Spinach pear salad with Meyer lemon vinaigrette is a festive and easy salad to chase away the rainy day blues. I’ll admit that even though I really love rain, there are some days when I miss the sun just a little bit. Meyer lemons always cheer me up – there is something about their sunny color and floral smell that promises that summer is just around the corner.

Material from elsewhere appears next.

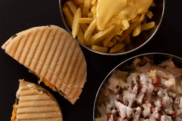 Pollo, huevo, pimiento frito, jamón, queso y mahonesa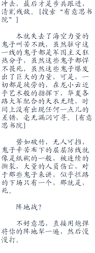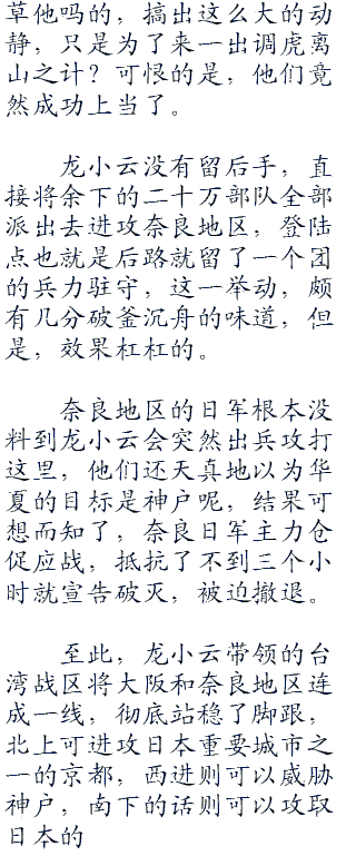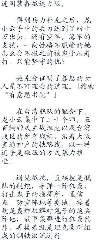 在成功从大阪方向登陆之后,龙小云带领的台湾战区就遭受到了鬼子的疯狂进攻,甚至,鬼子一度集结了超过百万的大军,从三个方向对华夏部队进行围攻,企图将华夏歼灭或者赶下海,但是均被华夏的空中火力优势和舰队的火力支援所击退。

I love salads. I try to eat them with my lunch every day when I can, especially in the winter time when I just find myself craving greens, whether its lettuce or spinach or kale. I think some of my near obsessiveness with vegetables comes from the two years I lived in Majuro in the Marshall Islands when I was in my late twenties. I was there to teach at the College of the Marshall Islands, and while I loved the experience, sometimes finding local fresh food could be incredibly challenging. The Marshalls are coral reef islands, and as such, there is limited top soil, which makes it tough to grow things like lettuce. Most of the food to Majuro is shipped in in great big container ships that would only dock every other week. To get things like salad greens or onions, you had to be at the store at just the right time, or otherwise crews from the purse seiners (large fishing boats) would buy out the entire stock of vegetables and fruits. In my second year there, there was an increased focus on local foods – local tomatoes, eggplants, pumpkins, and so on, but even then, quantities were limited. As you can imagine, I ate a lot of fish while I lived there and while it was abundant and tasty, I often longed for just a large green salad. I remember, particularly, one time that a friend of a friend brought raspberries with her from another island (the island had a significant American military presence and she was able to get the raspberries from a source there). Those raspberries were the most precious dessert I’ve ever eaten.
So, salads with all sorts of various ingredients, locally sourced, make me tremendously happy. Since I’ve moved to the PNW, I’ve gotten much more adventurous about pairing salad greens with fruits. This particular salad is a simple combination of spinach, pears, and walnuts, topped off with a tangy Meyer lemon vinaigrette. Since this is Meyer lemon season, now’s the time to add Meyer lemons to everything that you can.
- 1 teaspoon finely chopped shallots
- Juice from 1/2 Meyer lemon
- 1/3 cup olive oil
- 1 teaspoon finely chopped fennel fronds or parsley
- Pinch salt
- Pinch pepper
- 4 cups spinach
- 1 ripe pear
- 1/2 cup walnuts
- Combine all the ingredients for the Meyer lemon vinaigrette in a small jar. Tighten the lid and shake vigorously.
- Combine the spinach, pears and walnuts. Drizzle with the vinaigrette. Enjoy!